* _Activity_:
Each line of the material must be reproduced exactly; pictures stay out.

* _Recorded information_:
---

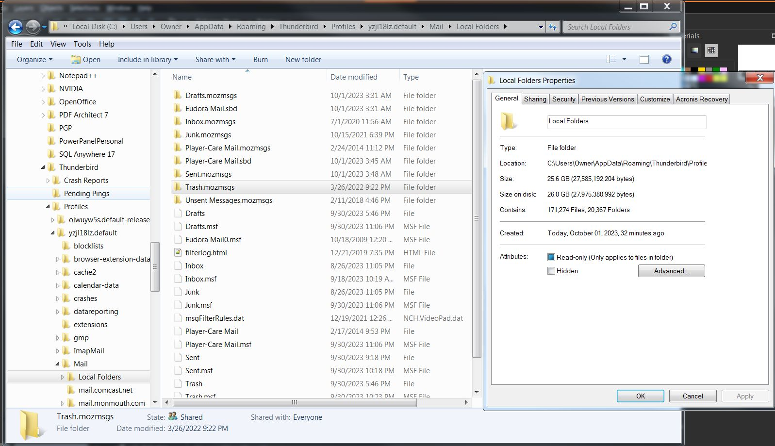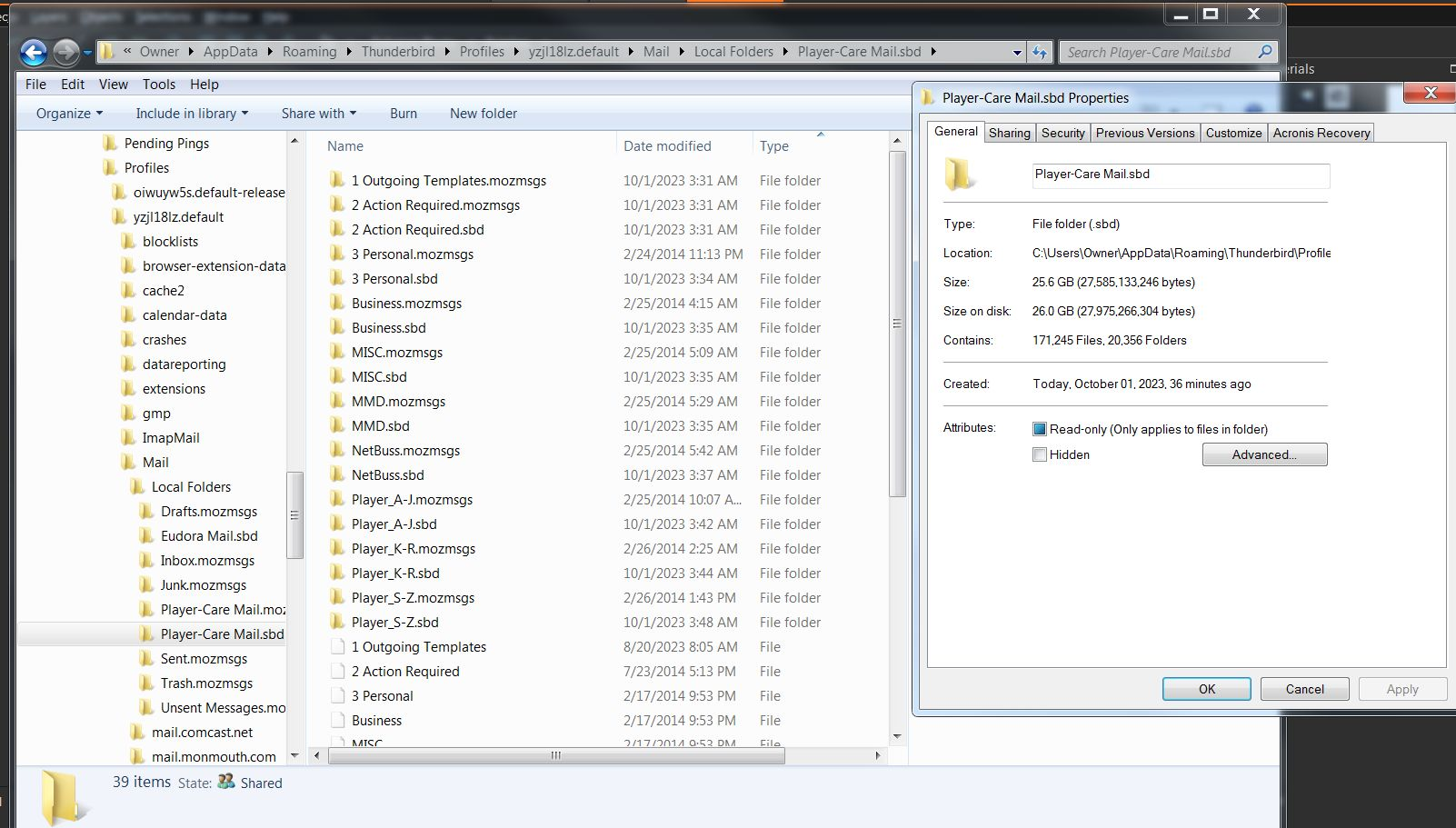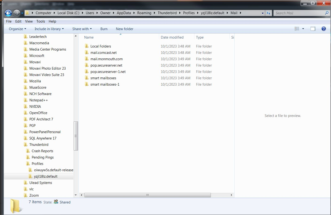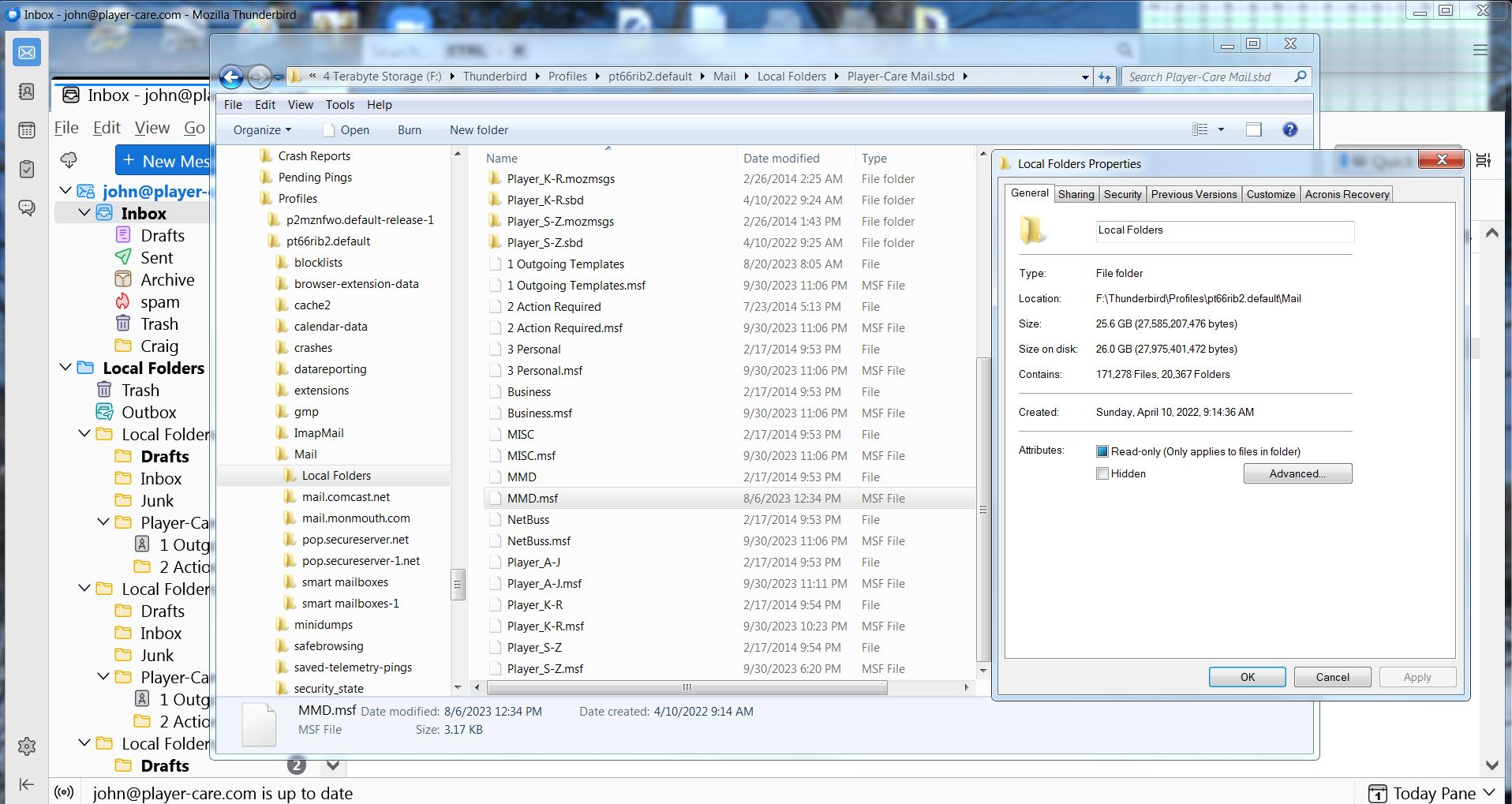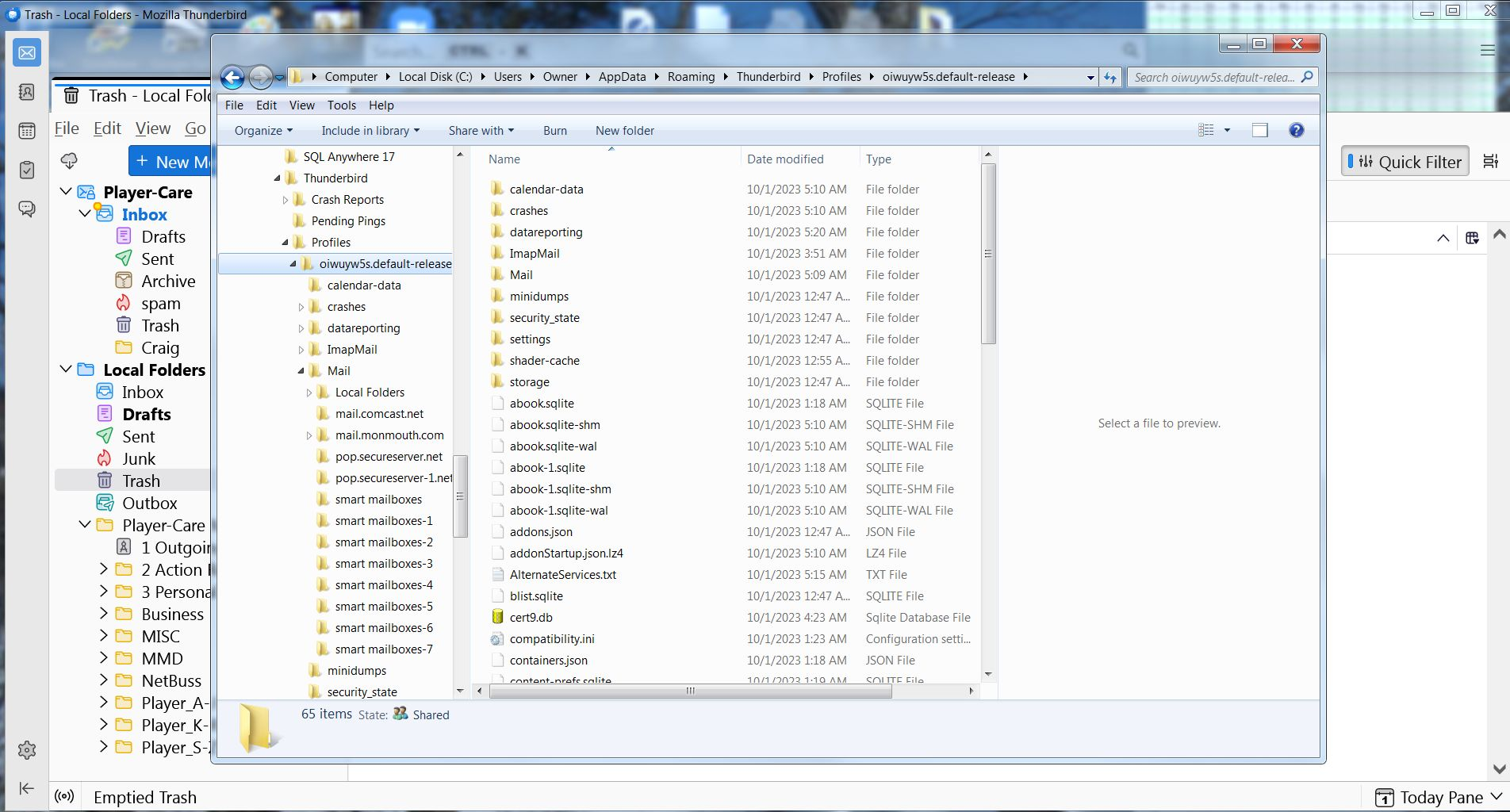 I solved the problem!!! In the screenshot, just below the ImapMail folder is the Mail folder. HOWEVER, that's not the way the directory looked ten minutes ago. Ten minutes ago, there was another Mail folder and it had the Local Folder under it. BUT, just below the Local Folder (in the tree) was the Mail folder you see in the screenshot. AND, it had all of my 20+ gigs of mail folders. So, I simply dragged that Mail folder to the 'oiwuy5s.default-release' folder. When I did that, the computer asked if I wanted to merge the files, and I said YES. Then when I opened Thunderbird again, all of my mail folders (over 9000) were there. (There was lots of other Local Folders and Imported folders, but I deleted all of them until all I had left were the right ones.
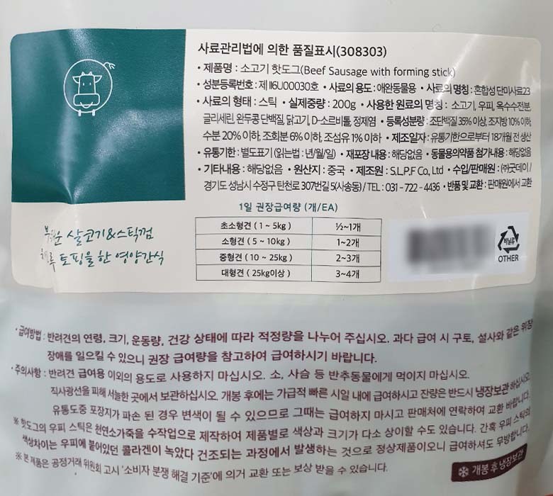 | 품명 및 모델명 | 소고기 핫도그 | 인증/허가 사항 | 사료관리법에 따른 성분등록번호 : 컨텐츠 참조 |
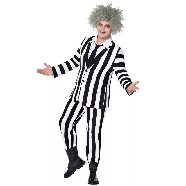 Everyone will instantly recognize you're the infamous Beetlejuice when you decide to dress up in this officially licensed Adult Beetlejuice Striped Plus Size Suit. Once you slip into this suit you'll look like you've just come off of the screen! You'll love dressing up as your favorite character with this costume that features a striped suit, pants, and a tie.
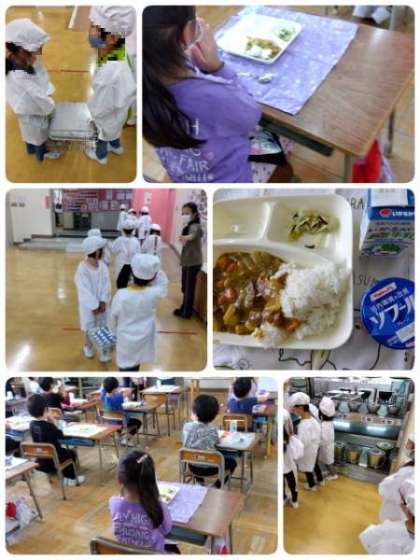 1年生が入学して、一か月がたちました。最初は、給食の準備も6年生に手伝ってもらっていましたが、今では自分たちでしっかりできています。

---

* _The answer_:
 I solved the problem!!! In the screenshot, just below the ImapMail folder is the Mail folder. HOWEVER, that's not the way the directory looked ten minutes ago. Ten minutes ago, there was another Mail folder and it had the Local Folder under it. BUT, just below the Local Folder (in the tree) was the Mail folder you see in the screenshot. AND, it had all of my 20+ gigs of mail folders. So, I simply dragged that Mail folder to the 'oiwuy5s.default-release' folder. When I did that, the computer asked if I wanted to merge the files, and I said YES. Then when I opened Thunderbird again, all of my mail folders (over 9000) were there. (There was lots of other Local Folders and Imported folders, but I deleted all of them until all I had left were the right ones.
 | 품명 및 모델명 | 소고기 핫도그 | 인증/허가 사항 | 사료관리법에 따른 성분등록번호 : 컨텐츠 참조 |
 Everyone will instantly recognize you're the infamous Beetlejuice when you decide to dress up in this officially licensed Adult Beetlejuice Striped Plus Size Suit. Once you slip into this suit you'll look like you've just come off of the screen! You'll love dressing up as your favorite character with this costume that features a striped suit, pants, and a tie.
 1年生が入学して、一か月がたちました。最初は、給食の準備も6年生に手伝ってもらっていましたが、今では自分たちでしっかりできています。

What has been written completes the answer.